Atheism Stack Exchange Archive

Ancient Aliens Theory

What are people’s thoughts on the Ancient Aliens Theory of human development. I saw a series on the Discovery channel and while there are a few ho-hum flights-of-fancy type extrapolation and interpretation of archeological “evidence”, it is (to me) a fascinating take on ancient historical “events” (both physically evident events, like the building of the pyramids etc) and “scriptural events” from various religions.

Answer 120

Show me the evidence, and I’ll tell you what I think about it. All the so-called I’ve seen to date amounts to a huge pile of conspiracy dung.

  1. There is no evidence that any extra-terrestrial beings ever visited Earth.
  2. There is no evidence that there ever was any discontinuity in the evolutionary ancestry of any existing species. There are a lot of gaps in the fossil record, but nothing to suggest some kind of leap. We can trace every know species back to distant ancestors.
  3. Any reliance on ancient texts is suspect. A text is not evidence per-se of anything.

If we found a text tomorrow that stated that humans were created when a galactic overlord threw billions of aliens into a volcano and then proceeded to blow up the volcano, our first reaction wouldn’t be: “Must be true, I should really send all my money to the Church of Scientology”, it would be: “What a load of hooey…”. The same is true of any text: what’s important is corroborating evidence for the specific hypothesis you are looking into. Even if a text is found to be corroborated in many aspects, it does not follow that the rest of the text must also be true. It might raise our confidence in it, but it should not lead us to treat the text as authoritative absent any corroborating evidence.

The same is true of the so-called archeological evidence these people present. It usually amounts to: “Well, in this extremely stylized, simplified drawing of a person, I personally see a god in a space suit, so it must be so”. Or: “I can’t think of a way ancient people could possibly have built this or that structure, so it must have been aliens”, or: “If we round up or down by a factor of 10-15% this or that measurement, it will match one of 20 or so magic numbers I’m hoping to find (such as the so-called golden ratio)”. All of this is pure imagination, with nothing to stand on.

But the most telling sign that this is all bunk is the reaction of these people when their pet hypotheses (NOT theories) are challenged: they will systematically scream “SCIENTIFIC CENSORSHIP!!!!!”. A true scientific hypothesis MUST be challenged.

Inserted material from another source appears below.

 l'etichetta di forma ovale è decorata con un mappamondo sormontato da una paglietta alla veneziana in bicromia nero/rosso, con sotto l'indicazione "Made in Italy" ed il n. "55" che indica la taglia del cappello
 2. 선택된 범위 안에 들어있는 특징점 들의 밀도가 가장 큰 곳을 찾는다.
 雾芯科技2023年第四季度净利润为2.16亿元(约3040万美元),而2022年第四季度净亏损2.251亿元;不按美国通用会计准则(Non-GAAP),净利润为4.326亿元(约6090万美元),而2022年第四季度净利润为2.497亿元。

It is in the very nature of that challenge that lies the power of Science to approach reality. An unchallenged hypothesis is a worthless hypothesis.

Answer 57

Let me start by saying that while there’s some great stuff on the Discovery channel (Adam! our buddy), there’s a lot of trash. Just look at any of the several (ugh) ghost shows.

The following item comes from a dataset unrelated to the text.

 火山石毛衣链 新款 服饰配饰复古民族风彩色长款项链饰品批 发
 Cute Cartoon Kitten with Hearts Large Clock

To the meat. It’s an interesting idea, but there’s precious little evidence to support it. IMHO, Occam’s razor works against this idea in the same way that it works against God himself. It requires a highly-advanced society (much, much more so than ourselves today) to set up the very intricate network of life that we have today, and either start from the beginning with the first proto-bacteria anyway, or hide their traces extremely well.

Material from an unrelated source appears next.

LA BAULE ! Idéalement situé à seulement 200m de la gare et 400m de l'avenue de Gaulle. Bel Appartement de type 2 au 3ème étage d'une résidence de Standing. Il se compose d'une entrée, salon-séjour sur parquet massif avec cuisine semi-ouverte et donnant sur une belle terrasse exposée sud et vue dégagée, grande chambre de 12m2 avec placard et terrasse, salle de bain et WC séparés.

Seems more like a Star Trek story than a serious theory to me, personally.

Answer 54

I’m a skeptic in all things, not just religion. There is no evidence supporting this view point that can be tested empirically. It’s all based on conjecture. It usually can’t even be archeologically backed, such as building the pyramids. Archeologists know who built the pyramids and when. It wasn’t aliens.